WHAT IS NEEDED:
Retype the listing below line for line, but only from the line with "Working trip of" down to the line with "Rys. 1. Słownik", inclusive. Pictures stay out.

DATA TO USE:
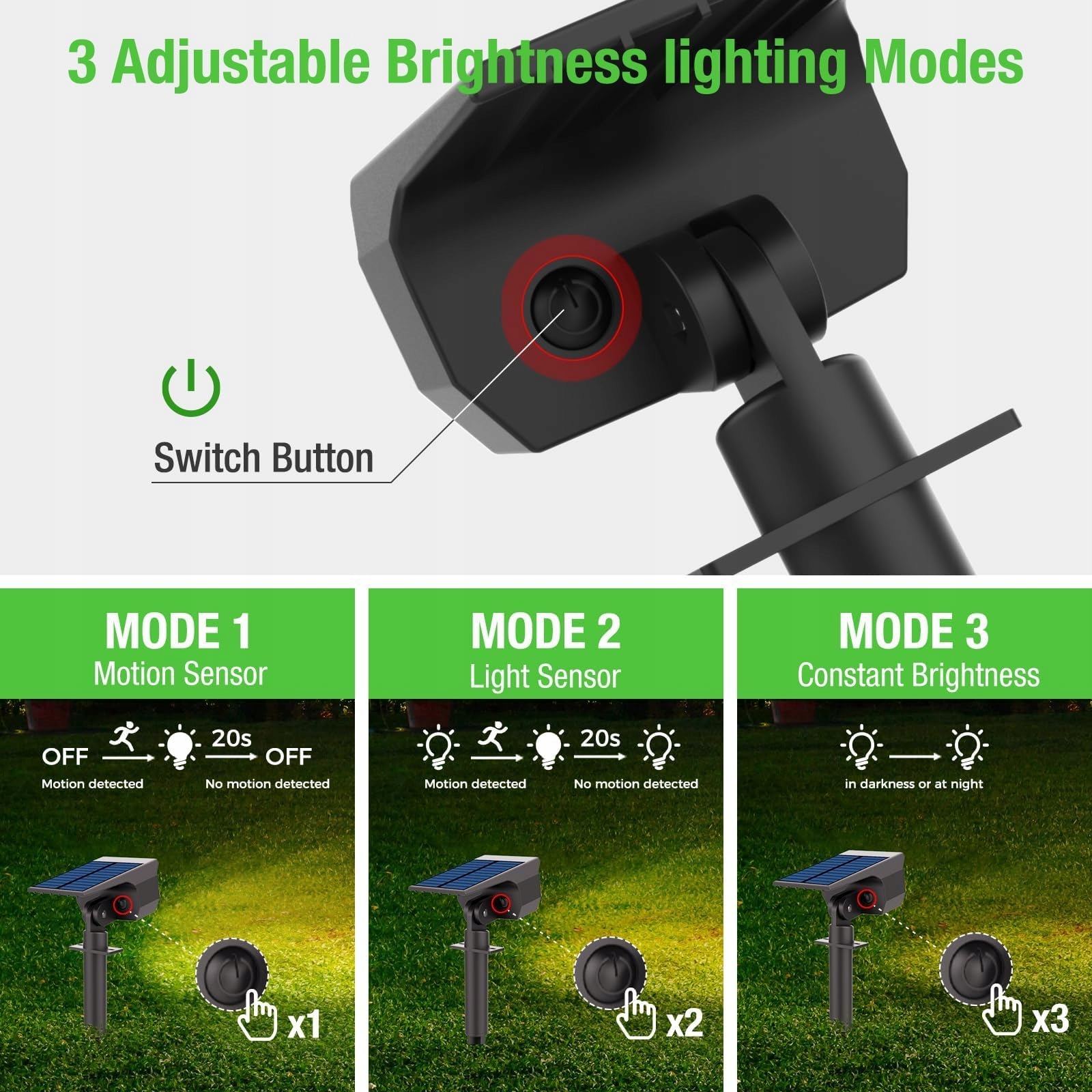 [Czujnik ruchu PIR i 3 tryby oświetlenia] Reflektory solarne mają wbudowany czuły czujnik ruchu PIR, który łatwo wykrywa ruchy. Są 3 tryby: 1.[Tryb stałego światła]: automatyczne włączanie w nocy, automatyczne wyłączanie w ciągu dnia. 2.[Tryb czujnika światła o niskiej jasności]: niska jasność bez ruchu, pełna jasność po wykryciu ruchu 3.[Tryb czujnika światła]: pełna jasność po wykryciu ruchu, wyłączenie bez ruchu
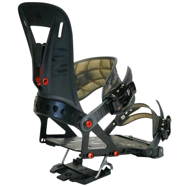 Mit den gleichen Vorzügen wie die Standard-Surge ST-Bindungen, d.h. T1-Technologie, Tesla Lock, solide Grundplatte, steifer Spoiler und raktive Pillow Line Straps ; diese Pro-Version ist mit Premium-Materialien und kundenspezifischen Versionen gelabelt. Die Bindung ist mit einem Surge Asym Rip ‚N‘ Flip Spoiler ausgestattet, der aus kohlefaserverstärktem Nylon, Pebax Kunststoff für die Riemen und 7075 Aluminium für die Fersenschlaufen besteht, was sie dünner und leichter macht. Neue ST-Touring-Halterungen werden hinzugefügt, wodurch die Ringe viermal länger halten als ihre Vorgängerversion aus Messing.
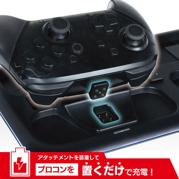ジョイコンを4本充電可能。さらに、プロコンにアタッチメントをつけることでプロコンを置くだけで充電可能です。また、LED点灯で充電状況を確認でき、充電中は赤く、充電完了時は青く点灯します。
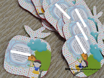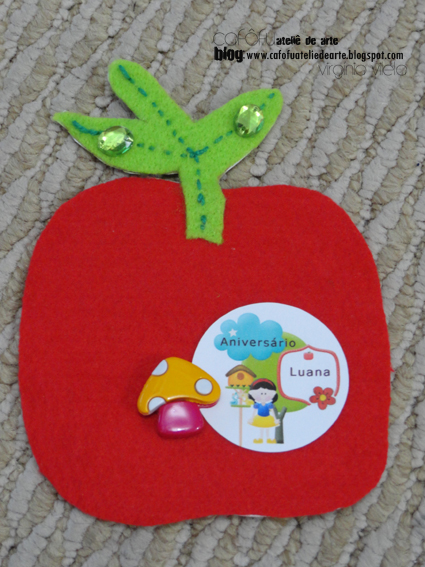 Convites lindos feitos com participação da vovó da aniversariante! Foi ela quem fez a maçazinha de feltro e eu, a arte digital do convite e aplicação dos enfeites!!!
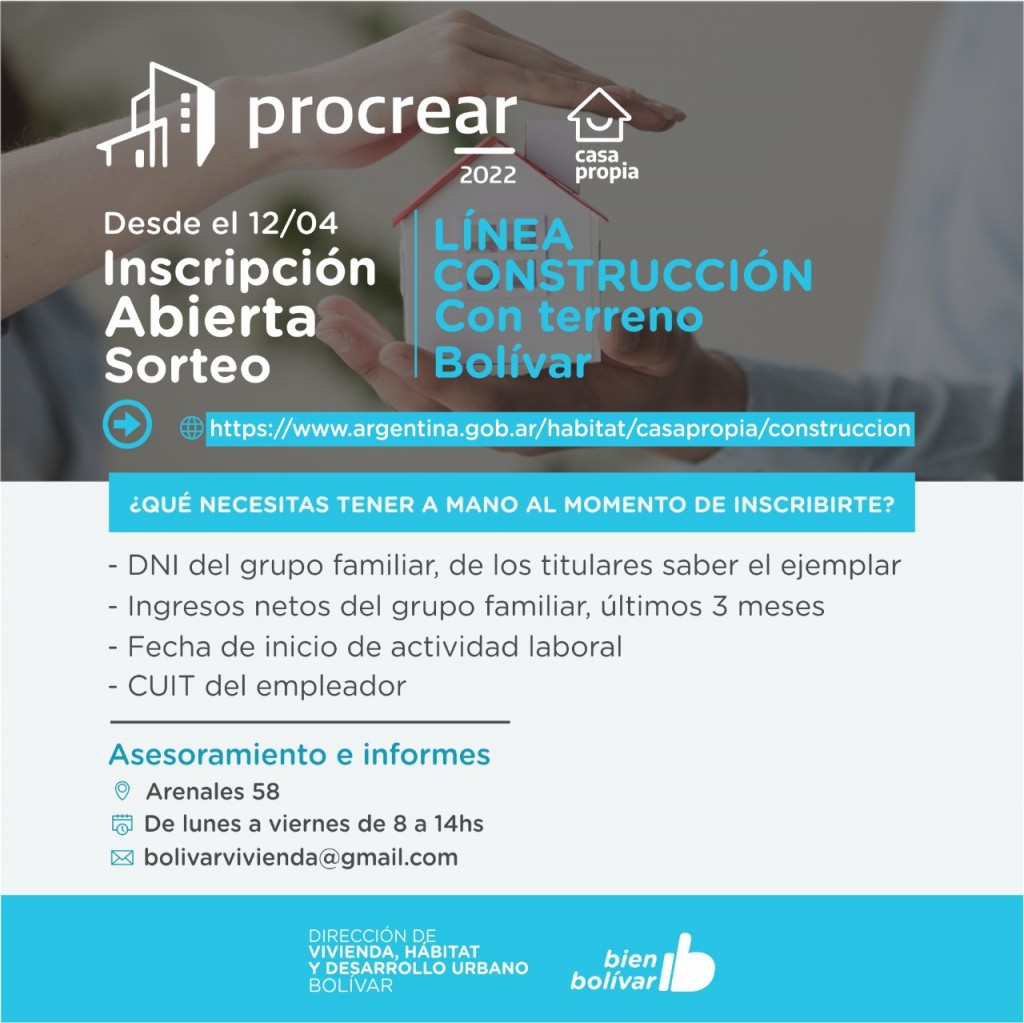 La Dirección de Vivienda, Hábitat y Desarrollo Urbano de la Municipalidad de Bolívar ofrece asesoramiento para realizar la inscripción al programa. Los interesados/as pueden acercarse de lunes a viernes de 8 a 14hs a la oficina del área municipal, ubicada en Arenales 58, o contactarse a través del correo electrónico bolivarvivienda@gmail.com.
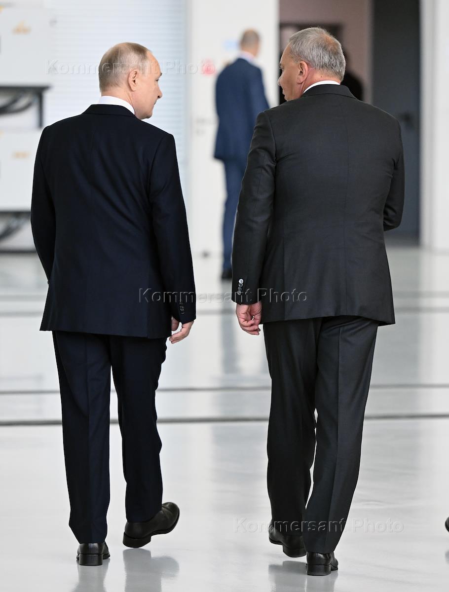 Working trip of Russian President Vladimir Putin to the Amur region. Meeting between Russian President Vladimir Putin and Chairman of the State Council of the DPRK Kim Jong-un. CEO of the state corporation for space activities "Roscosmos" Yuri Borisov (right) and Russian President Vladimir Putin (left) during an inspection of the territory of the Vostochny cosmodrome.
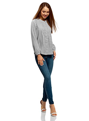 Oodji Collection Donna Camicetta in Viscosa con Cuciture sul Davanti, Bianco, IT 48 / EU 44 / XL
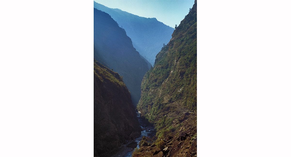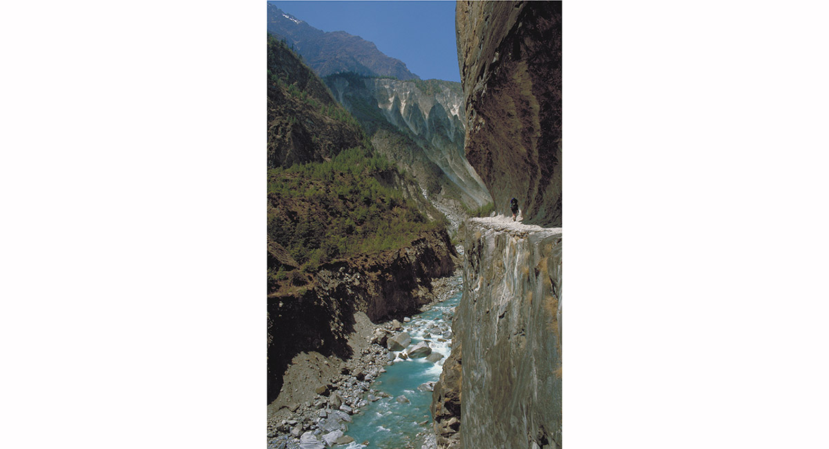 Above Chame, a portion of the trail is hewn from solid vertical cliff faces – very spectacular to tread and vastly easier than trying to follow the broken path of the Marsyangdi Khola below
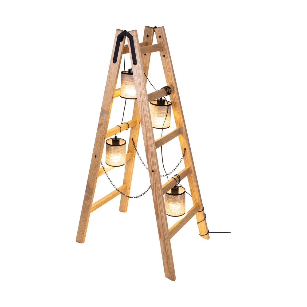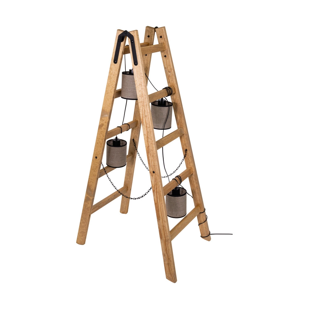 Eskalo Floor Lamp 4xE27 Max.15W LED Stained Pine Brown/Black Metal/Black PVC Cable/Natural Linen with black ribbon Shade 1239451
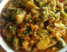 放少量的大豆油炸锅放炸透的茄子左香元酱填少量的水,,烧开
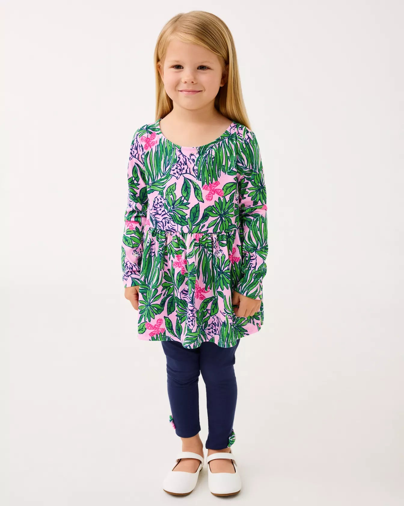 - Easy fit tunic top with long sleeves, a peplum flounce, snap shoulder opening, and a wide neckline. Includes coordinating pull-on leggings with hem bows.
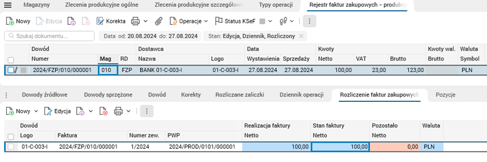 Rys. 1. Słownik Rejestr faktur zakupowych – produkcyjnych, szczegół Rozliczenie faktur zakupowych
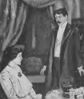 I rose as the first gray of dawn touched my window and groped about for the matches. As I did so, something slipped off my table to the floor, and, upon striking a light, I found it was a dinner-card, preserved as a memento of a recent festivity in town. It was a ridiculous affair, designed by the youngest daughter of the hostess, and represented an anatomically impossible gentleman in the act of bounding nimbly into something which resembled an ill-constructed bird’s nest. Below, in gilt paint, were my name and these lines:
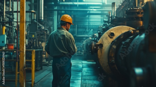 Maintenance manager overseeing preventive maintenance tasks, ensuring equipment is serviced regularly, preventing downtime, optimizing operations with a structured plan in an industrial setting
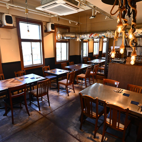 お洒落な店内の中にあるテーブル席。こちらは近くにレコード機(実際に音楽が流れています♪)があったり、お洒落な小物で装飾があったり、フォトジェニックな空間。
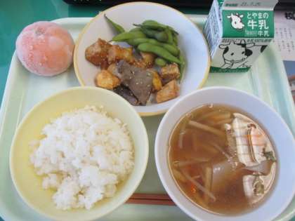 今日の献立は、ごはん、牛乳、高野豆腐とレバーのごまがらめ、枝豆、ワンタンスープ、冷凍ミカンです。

EXERCISE SOLUTION:
 Working trip of Russian President Vladimir Putin to the Amur region. Meeting between Russian President Vladimir Putin and Chairman of the State Council of the DPRK Kim Jong-un. CEO of the state corporation for space activities "Roscosmos" Yuri Borisov (right) and Russian President Vladimir Putin (left) during an inspection of the territory of the Vostochny cosmodrome.
 Oodji Collection Donna Camicetta in Viscosa con Cuciture sul Davanti, Bianco, IT 48 / EU 44 / XL
 Above Chame, a portion of the trail is hewn from solid vertical cliff faces – very spectacular to tread and vastly easier than trying to follow the broken path of the Marsyangdi Khola below
 Eskalo Floor Lamp 4xE27 Max.15W LED Stained Pine Brown/Black Metal/Black PVC Cable/Natural Linen with black ribbon Shade 1239451
 放少量的大豆油炸锅放炸透的茄子左香元酱填少量的水,,烧开
 - Easy fit tunic top with long sleeves, a peplum flounce, snap shoulder opening, and a wide neckline. Includes coordinating pull-on leggings with hem bows.
 Rys. 1. Słownik Rejestr faktur zakupowych – produkcyjnych, szczegół Rozliczenie faktur zakupowych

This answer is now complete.